▶ **Problem details**:
Your copy should hold only the lines from the one with "Úgy gondolom, hogy" to the one with "8月18日上午10:30,我", both included, each exactly as it stands below, with no pictures.

▶ **Material provided**:
=== Section Start ===
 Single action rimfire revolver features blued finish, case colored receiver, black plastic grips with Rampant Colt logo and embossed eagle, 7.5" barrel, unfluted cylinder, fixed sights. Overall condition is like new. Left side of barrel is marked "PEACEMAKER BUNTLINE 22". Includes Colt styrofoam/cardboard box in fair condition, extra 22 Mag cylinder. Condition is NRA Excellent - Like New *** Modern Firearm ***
=== Section End ===
=== Section Start ===
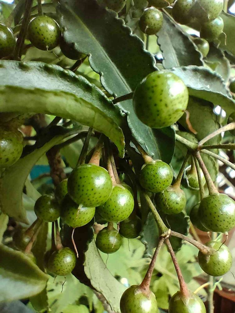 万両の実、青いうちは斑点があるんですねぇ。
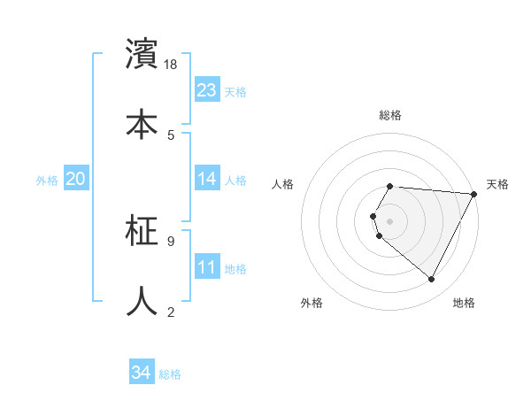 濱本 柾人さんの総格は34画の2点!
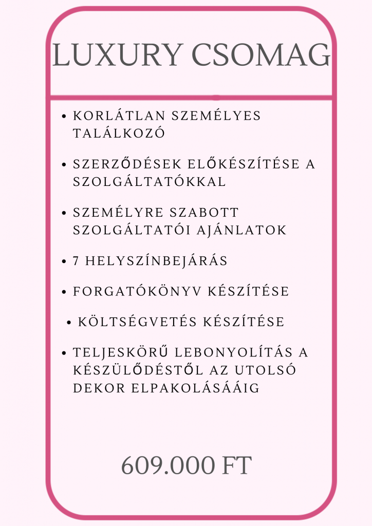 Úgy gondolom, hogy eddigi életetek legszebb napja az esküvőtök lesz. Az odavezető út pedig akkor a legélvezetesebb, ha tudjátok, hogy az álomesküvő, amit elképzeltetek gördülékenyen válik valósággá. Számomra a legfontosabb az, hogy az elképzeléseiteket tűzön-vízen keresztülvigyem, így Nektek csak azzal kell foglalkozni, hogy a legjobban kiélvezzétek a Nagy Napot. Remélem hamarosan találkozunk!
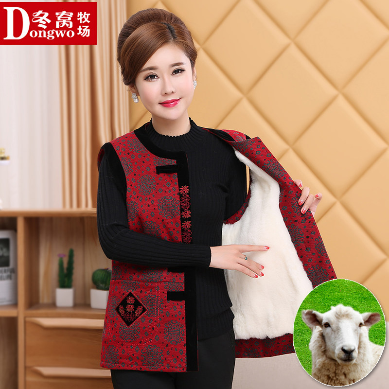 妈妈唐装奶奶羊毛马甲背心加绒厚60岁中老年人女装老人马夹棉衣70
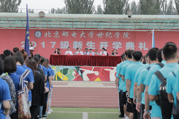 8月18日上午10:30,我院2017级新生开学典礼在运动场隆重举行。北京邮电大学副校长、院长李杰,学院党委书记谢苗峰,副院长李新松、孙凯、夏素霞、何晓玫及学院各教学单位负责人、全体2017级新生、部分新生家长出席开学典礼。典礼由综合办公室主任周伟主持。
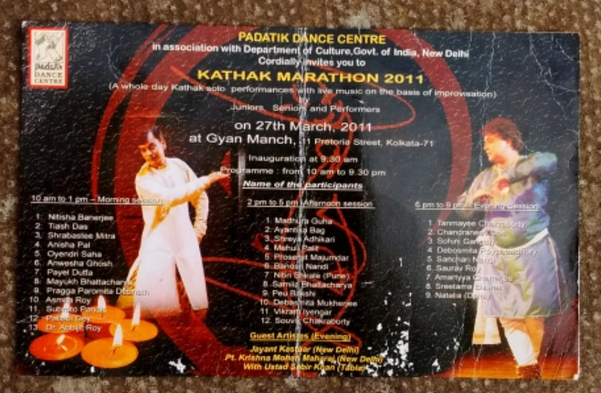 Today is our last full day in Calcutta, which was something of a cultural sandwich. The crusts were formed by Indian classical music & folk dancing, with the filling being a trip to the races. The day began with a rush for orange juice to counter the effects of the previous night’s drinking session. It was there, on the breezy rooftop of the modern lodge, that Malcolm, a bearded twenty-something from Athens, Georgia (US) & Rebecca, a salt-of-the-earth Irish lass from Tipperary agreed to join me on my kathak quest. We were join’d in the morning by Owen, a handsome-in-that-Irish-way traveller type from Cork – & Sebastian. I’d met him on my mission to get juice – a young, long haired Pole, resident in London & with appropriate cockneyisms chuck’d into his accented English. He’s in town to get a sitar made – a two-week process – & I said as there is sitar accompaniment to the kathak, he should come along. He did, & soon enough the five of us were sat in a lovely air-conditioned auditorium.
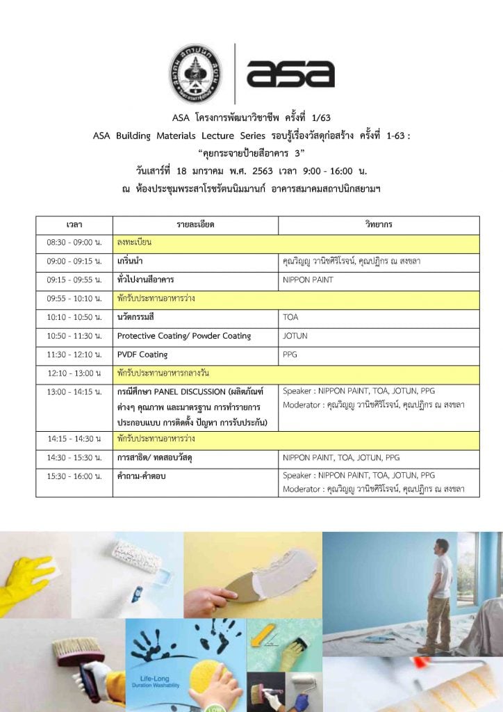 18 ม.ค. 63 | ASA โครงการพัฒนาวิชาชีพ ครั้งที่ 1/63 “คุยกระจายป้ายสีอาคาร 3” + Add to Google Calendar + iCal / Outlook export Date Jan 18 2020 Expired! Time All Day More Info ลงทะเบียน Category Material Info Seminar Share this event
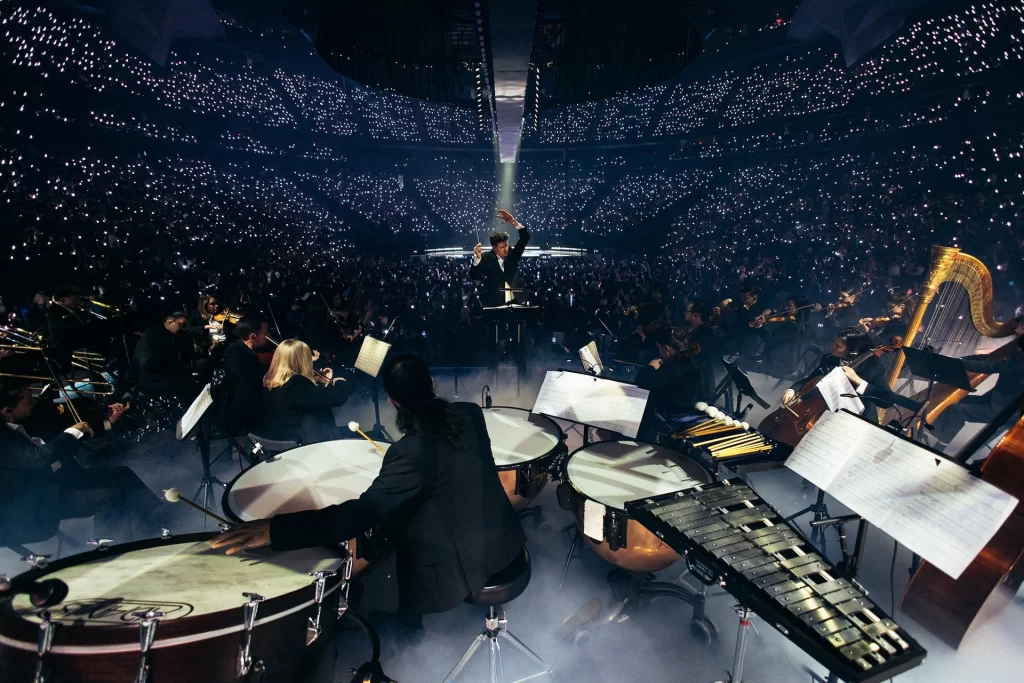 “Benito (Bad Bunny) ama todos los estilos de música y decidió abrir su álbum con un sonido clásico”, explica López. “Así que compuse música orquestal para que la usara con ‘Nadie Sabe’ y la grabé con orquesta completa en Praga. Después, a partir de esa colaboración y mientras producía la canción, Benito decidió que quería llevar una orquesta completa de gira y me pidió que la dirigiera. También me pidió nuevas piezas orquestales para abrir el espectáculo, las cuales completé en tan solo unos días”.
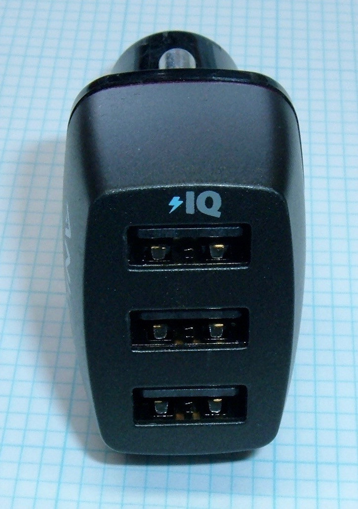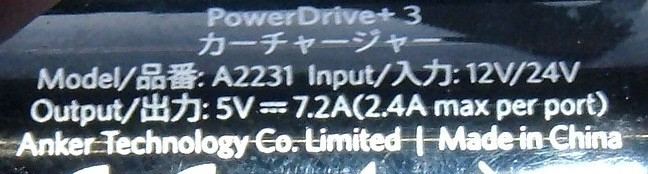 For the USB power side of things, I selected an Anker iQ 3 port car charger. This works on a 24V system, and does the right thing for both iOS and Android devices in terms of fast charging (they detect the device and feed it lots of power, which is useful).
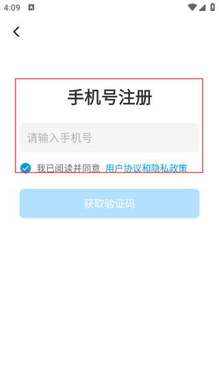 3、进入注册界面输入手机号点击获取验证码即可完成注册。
=== Section End ===
▶ **Solution below**:
 Úgy gondolom, hogy eddigi életetek legszebb napja az esküvőtök lesz. Az odavezető út pedig akkor a legélvezetesebb, ha tudjátok, hogy az álomesküvő, amit elképzeltetek gördülékenyen válik valósággá. Számomra a legfontosabb az, hogy az elképzeléseiteket tűzön-vízen keresztülvigyem, így Nektek csak azzal kell foglalkozni, hogy a legjobban kiélvezzétek a Nagy Napot. Remélem hamarosan találkozunk!
 妈妈唐装奶奶羊毛马甲背心加绒厚60岁中老年人女装老人马夹棉衣70
 8月18日上午10:30,我院2017级新生开学典礼在运动场隆重举行。北京邮电大学副校长、院长李杰,学院党委书记谢苗峰,副院长李新松、孙凯、夏素霞、何晓玫及学院各教学单位负责人、全体2017级新生、部分新生家长出席开学典礼。典礼由综合办公室主任周伟主持。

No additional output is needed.